# 3D Chair



## NY911 (Dec 12, 2004)

gpsweetseat!

BigGP here on AT

BEST damn stool out there....


----------



## bcbow1971 (Oct 24, 2007)

Thanks that is what I was looking for.


----------



## 152p&y (Feb 5, 2008)

*syool...*

I got mine at Academy Sports for a lot less than at ASA shoots. Around $20.00.


----------



## 3Dblackncamo (Jul 22, 2009)

precision pak.com they make an awesome stool


----------



## STUDENT-ARCHER (Jun 26, 2009)

Gander Mountain had a good one, key is, it was taller than the typical stool!


----------



## bcbow1971 (Oct 24, 2007)

That is what I would like taller.
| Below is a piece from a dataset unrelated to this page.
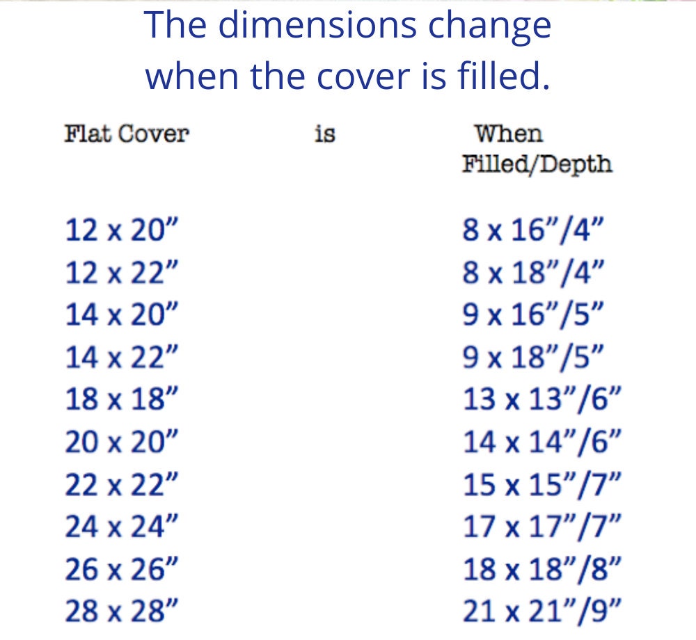 ** ~Note that my listing titles refer to the pillow form size and NOT the pillow cover size. TO ENSURE A PROFESSIONAL FIT, I MAKE MY COVERS SLIGHTLY SMALLER (APPROXIMATELY 1” SMALLER) THAN THE SIZE STATED. Note also that 14" covers and lumbar pillow covers are closer to the actual size of the pillow form because this works best for these particular pillows. ****PLEASE KEEP THESE FACTS IN MIND WHEN ORDERING**** You may contact me if your specific needs call for a custom size. I make my 18x18 pillow covers so that they are 17x17 to give the pillow the poof. They then fit an 18x18 pillow form purchased from the store like a dream.

I can always add my own arrow holder and small bag under with a strap. I will look some more before begining of the year.
_Posted via Mobile Device_


----------



## pabowman (Jun 19, 2005)

*mine?*

Mine is a fishing stool at wal-mart, paid 20 bucks and it came with a small tackle box that i use for all my little stuff i carry with me (just in case). and the other side has enough storage for release bag and bino's and just about anything else you can think of... just add your own arrow tubes...


----------



## bcbow1971 (Oct 24, 2007)

I ordered this at Cabelas last night, it was on sale


----------